Le imbarcazioni affondate e bombardate con pretesti falsi o risibili non si contano più, i morti in mare sono ormai decine, la stretta attorno alle coste bolivariane da parte della flotta US Navy si fa sempre più stretta e il consesso internazionale si genuflette all’Ubu Roi del nostro tempo.


A un certo punto punto si oltrepassa un limite oltre il quale si superano i confini della realtà e si entra nel videogioco della “disumanizzazione”


Esiste certamente un elemento politico perché venga riconosciuto un atto criminale durante il “tempo di guerra”. Abbiamo invitato Eric Gobetti per tentare di circoscrivere una definizione il più oggettiva possibile, non inficiata da giudizi morali o politici, di cosa sia un “crimine di guerra”.

Se vogliamo utilizzare questa analisi nel contesto palestinese, troviamo che in questo caso non si tratta di una guerra, perché non si contrappongono due eserciti e nemmeno è in corso una guerra partigiana; c’è solo un’aggressione che sta uccidendo non solo e non tanto miliziani armati, ma quasi esclusivamente civili inermi che non si possono difendere. In questo caso parliamo di “Crimini di guerra”.

La retorica militare ha inventato il termine “effetti collaterali” per ripararsi dall’accusa, indicando con quella categoria i morti non ricercati dalla forza che li ha causati “senza espressamente volerlo” e qui si scivola su un terreno sdrucciolevole, perché fino a che punto Coventry e Guernica da un lato, o Dresda e Hiroshima dall’altro nella Seconda guerra mondiale non sono invece atti consumati per terrorizzare la popolazione civile? Che dire di Gaza o Sarajevo? Le guerre attuali sono “asimmetriche”, “ibride”… tutti termini inventati per giustapporre ostacoli al giudizio (morale? umano?), sottacendo la possibilità in mano agli eserciti di poter eliminare nemici senza nemmeno vederli, grazie a una tecnologia che non dà scampo agli insorti, ai quali è precluso il confronto ad armi pari, e consente anche di applicare algoritmi che autogiudicano la quantità di “effetti collaterali” tollerabile dal loro campo e questo per diventare “crimine di guerra” ha bisogno che ci si metta d’accordo tra umani sull’intenzionalità e la responsabilità di chi pigia il bottone, o di chi ha fatto la scelta politica di implementare quell’algoritmo?

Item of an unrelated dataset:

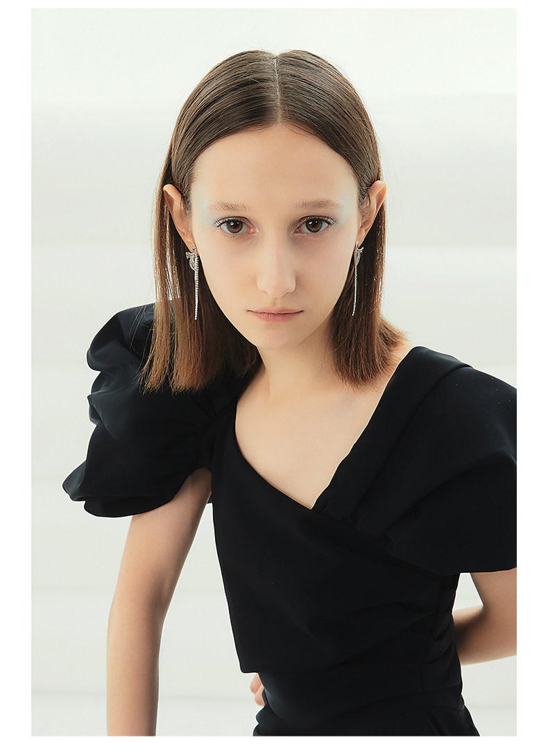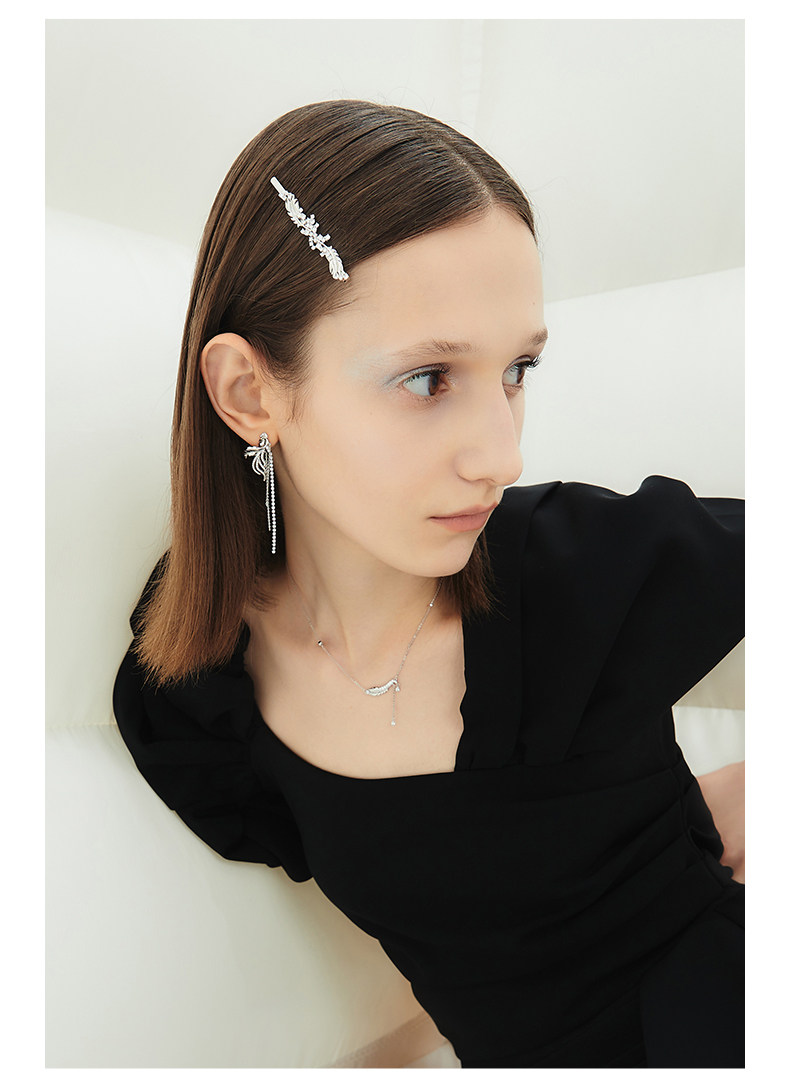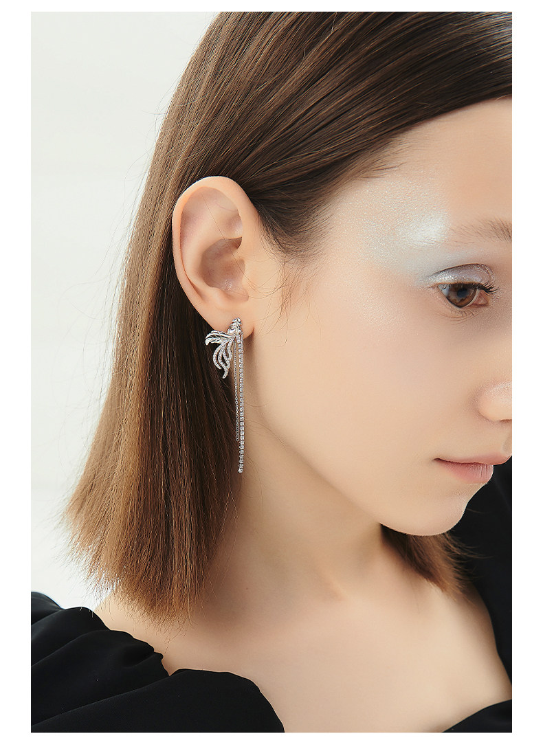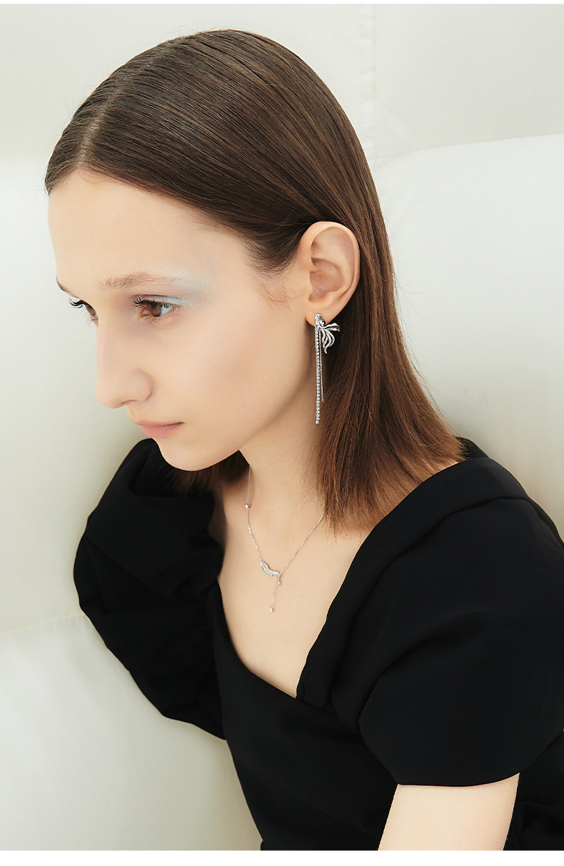 韩国黑天鹅流苏羽毛设计气质高级感耳钉耳饰

E qui la risposta non può che essere politica, non può essere super partes. Eric comunque considera eticamente più grave la posizione del politico rispetto all’esecutore… e forse anche noi. Ma a questo punto si oltrepassa un limite oltre il quale si superano i confini della realtà e si entra nel videogioco della “disumanizzazione”.